Title: Manager, Office of Intellectual Property
Date: 6/23/2010
By Applicant Printed Name: Kathy Jones
PLEASE RETURN THIS FORM TO: Robert N. Jocius Manager, Office of Intellectual Property, Room 5-125C Texas Education Agency 1701 N. Congress Avenue Austin, TX 78701
145
Copyrights@tea.state.tx.us Ph.: (512) 463-9270
TERMS OF USE
1. Definitions. “Agreement” means the above Copyright License and Permission Form and these Terms of Use. “Authorized Use” means the purpose for which the Works are to be used and the approved use of the Works granted by TEA. “Intellectual property rights” means the worldwide intangible legal rights or interests evidenced by or embodied in: (a) any idea, design, concept, method, process, technique, apparatus, invention, discovery, or improvement, including any patents, trade secrets, and know-how; (b) any work of authorship, including any copyrights, moral rights or neighboring rights; (c) any trademark, service mark, trade dress, trade name, or other indicia of source or origin; (d) domain name registrations; and (e) any other similar rights.
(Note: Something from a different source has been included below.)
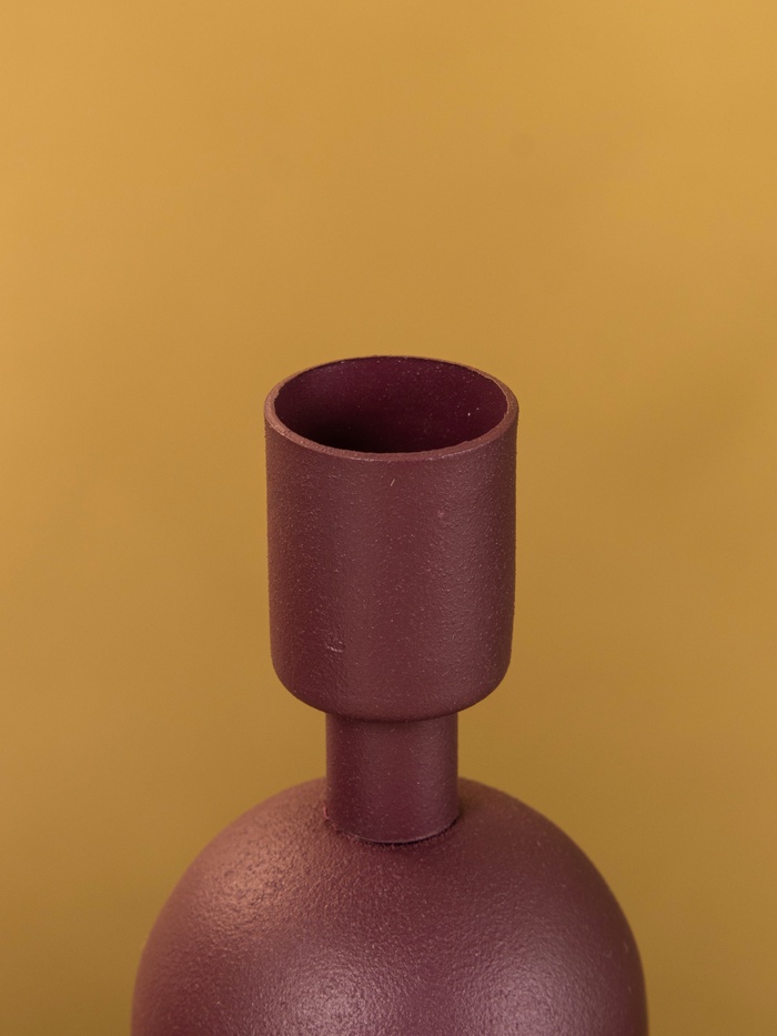 * Насыщенный бордовый цвет: Глубокий тёплый оттенок делает подсвечник заметным акцентом, даже когда свеча не зажжена.

The intellectual property rights of a party include all worldwide intangible legal rights or interests that the party may have acquired by assignment or license with the right to grant sublicenses. “Licensee” means the applicant specified above, if applicant’s Copyright License and Permission Form is approved by TEA. “Licensed Territory” means the specific Territory (district, area or geographic location) in which Licensee is located and for which the license, if any, is granted by TEA. “TEA” means the Texas Education Agency. “Works” means the works of authorship, written materials or other tangible items specifically set forth above. 2. Grant of License. For the consideration set forth above, TEA grants to Licensee, and Licensee accepts from TEA, a revocable, non-exclusive, non-transferable, non-assignable license to utilize the Works on or in connection with the Authorized Use for educational purposes in the Licensed Territory for the Term specified above.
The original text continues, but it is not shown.